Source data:
##########

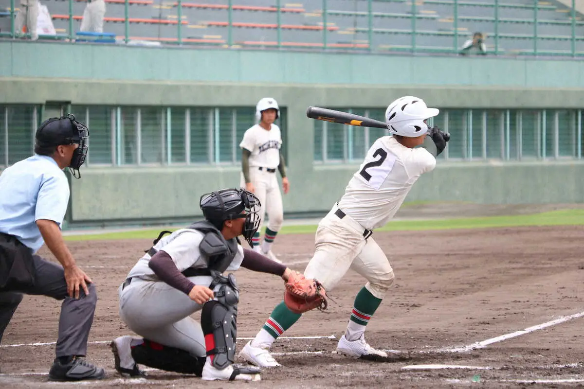 2回に守備のミスが重なって3失策。序盤から3点を追う想定外の展開を強いられた。6回に3得点して一気に同点。7回1死三塁から殊勲の一打で勝負を決めた。「前にも後ろにもいいバッターがいる。自分は気楽にやらせてもらっている」。3打数1安打1四球。捕手としても主戦の栗谷星翔(せいが)ら3年生投手2人とバッテリーを組んで守り切った。
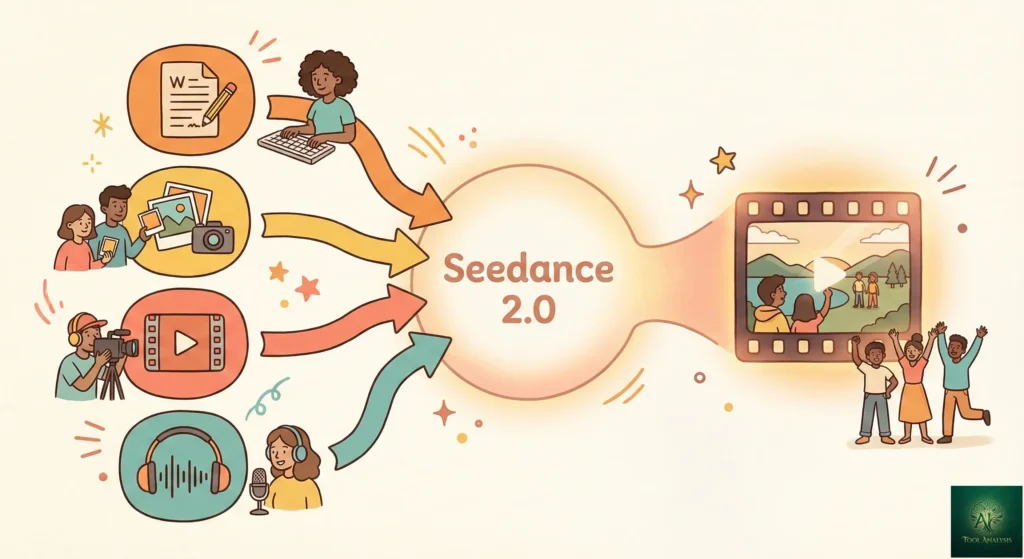 Traditional AI video tools work like shouting instructions to someone wearing earplugs. You describe what you want, the AI takes a guess, and you roll the dice. Seedance 2.0 flips this entirely by introducing what ByteDance calls “multimodal all-round reference.” Think of it as handing your AI assistant a mood board, a choreography video, and a soundtrack, then saying “make something exactly like this.”
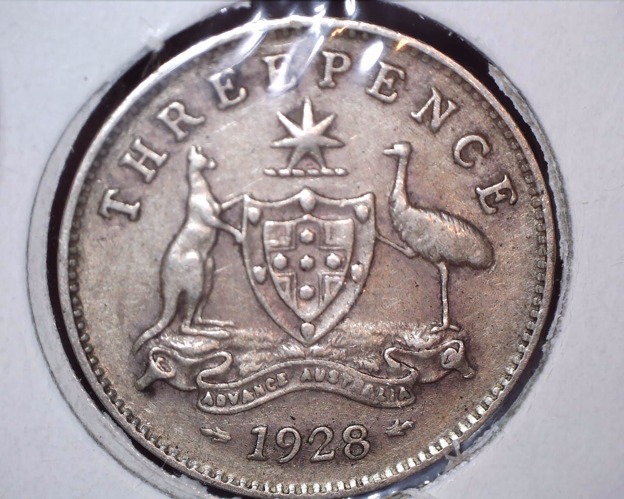 1928 Australian Three Pence - 92.5% Silver - Doubling Error
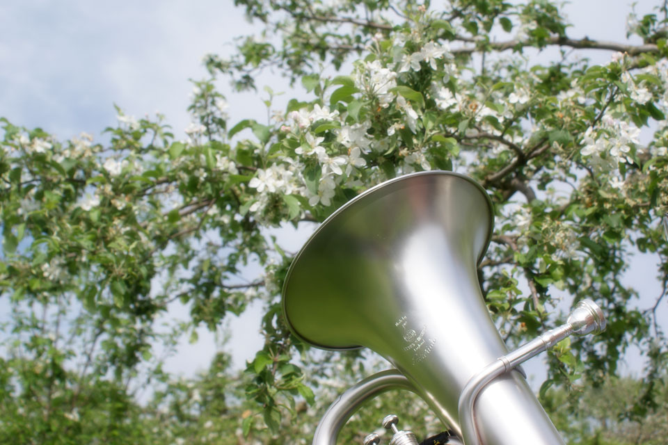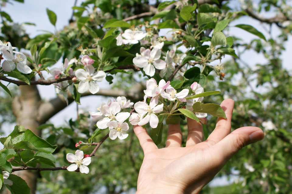 「ユーフォー仮面りんご」の花たちに《音の肥料作戦》です。
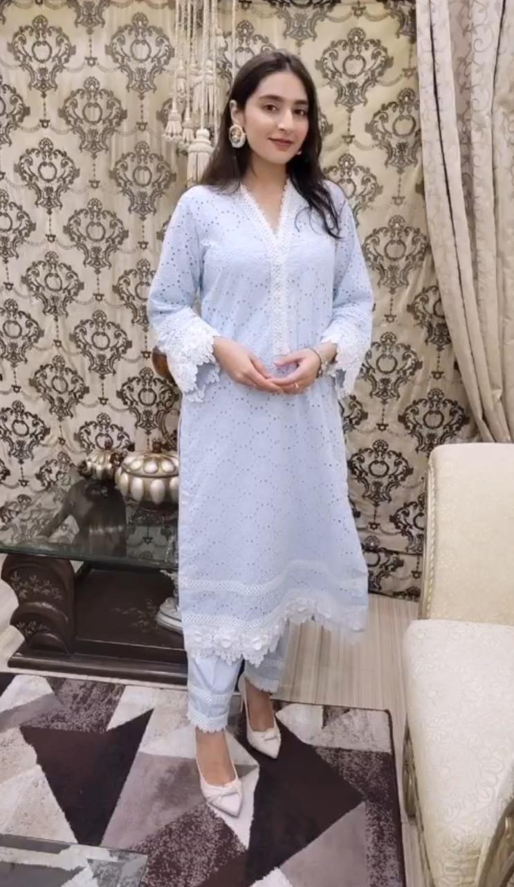 Design Highlights: The entire look is defined by intricate White English Lace detailing. This gorgeous trim adorns the deep V-neckline, the wide cuffs of the sleeves, and the hemline of both the kurta and the matching straight-cut trousers.
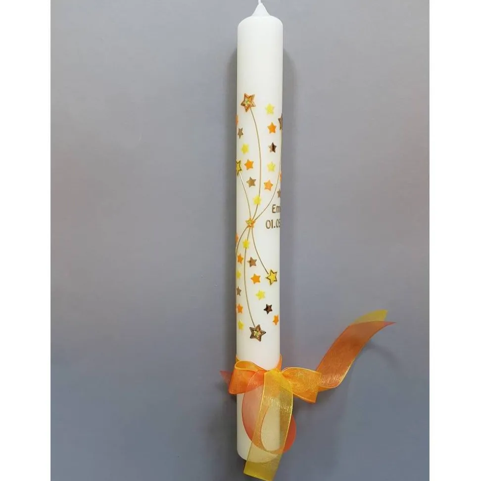 Kommunionkerze Taufkerze Sterne gelb gold Original Design KKR0307

##########

▸ Assignment: Output the entries above exactly. Do not include the pictures.

▸ Exercise result:
 2回に守備のミスが重なって3失策。序盤から3点を追う想定外の展開を強いられた。6回に3得点して一気に同点。7回1死三塁から殊勲の一打で勝負を決めた。「前にも後ろにもいいバッターがいる。自分は気楽にやらせてもらっている」。3打数1安打1四球。捕手としても主戦の栗谷星翔(せいが)ら3年生投手2人とバッテリーを組んで守り切った。
 Traditional AI video tools work like shouting instructions to someone wearing earplugs. You describe what you want, the AI takes a guess, and you roll the dice. Seedance 2.0 flips this entirely by introducing what ByteDance calls “multimodal all-round reference.” Think of it as handing your AI assistant a mood board, a choreography video, and a soundtrack, then saying “make something exactly like this.”
 1928 Australian Three Pence - 92.5% Silver - Doubling Error
 「ユーフォー仮面りんご」の花たちに《音の肥料作戦》です。
 Design Highlights: The entire look is defined by intricate White English Lace detailing. This gorgeous trim adorns the deep V-neckline, the wide cuffs of the sleeves, and the hemline of both the kurta and the matching straight-cut trousers.
 Kommunionkerze Taufkerze Sterne gelb gold Original Design KKR0307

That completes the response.